Developing Project Plan: Risk Considerations

Submitted by Katie.Koukouli… on Tue, 10/11/2022 - 12:20

When developing a project plan by setting project goals and objectives, deliverables and other elements including stakeholders mentioned earlier, it is important also to identify potential risks.

This includes having a risk management strategy to support the project plan.

By the end of this topic, you will understand:

  • What risk and risk objectives are
  • How to identify project risk in context to the risk management process
  • How to identify project risk by using valid and reliable methods.
Sub Topics

Effective risk management enables project teams to fix problems before they eventuate. Although technical challenges are a primary concern, risk management must consider all internal and external sources of expense, scheduling and technical risk. Early risk identification is critical because it can be quicker, less expensive and less disruptive to adjust and correct work efforts during the earlier phases of the project rather than later.

Risk Objectives

The aim of risk management is to detect potential issues before they arise to schedule and invoke risk management activities to minimise adverse impacts on the project throughout its life. Risk management should fix problems that may jeopardise the achievement of project goals. A continuous risk management approach is used to efficiently predict and mitigate the risks that have a vital impact on the project.
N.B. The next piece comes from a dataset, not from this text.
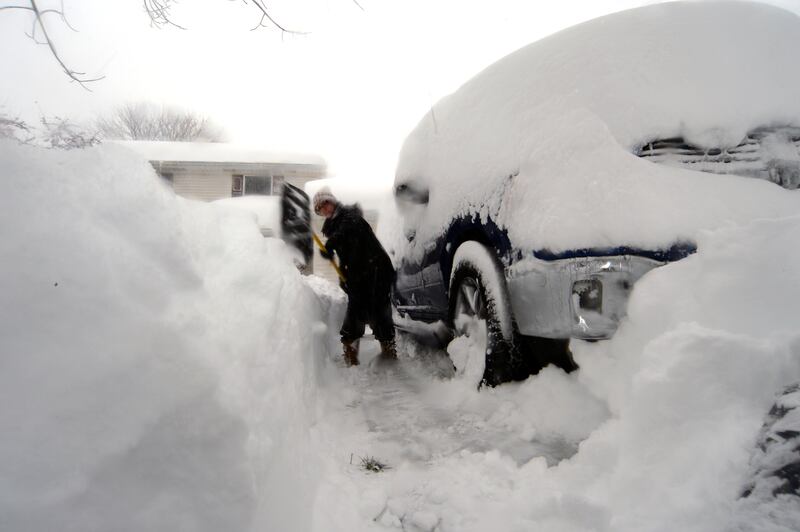 Intense Winter Storm Brings Multiple Feet Of Lake Effect Snow To Buffalo Area HAMBURG, NY - November 18: Michelle Kucalski digs out her car after an intense lake-effect snowstorm impacted the area on November 18, 2022 in Hamburg, New York. Around Buffalo and the surrounding suburbs, the snowstorm resulted in up to four feet of accumulation, and additional snowfall is forecast for the weekend. (Photo by John Normile/Getty Images) (John Normile/Getty Images)

How to Identify Project Risk

There are two main two stakeholder groups that are consulted to identify project risk:

Internal stakeholders

  • top management
  • the project team
  • resource managers
  • internal customers

External stakeholders

  • external customers
  • government
  • contractors
  • sub-contractors
  • suppliers

Types of Project Risks

There are several types of risks that can emerge in projects.

  • Risks include:
    • Technical risk
    • Financial
    • Operational
    • Safety
    • Functional
    • Reputational
    • Legal

Typically, the areas to focus on include budget, quality, scope and reputation. When a project is running over budget due to going outside the scope. it can have severe impacts on financial resources. When a tradeoff is made between cost and quality, where quality is compromised, this may also affect the reputation of the organisation.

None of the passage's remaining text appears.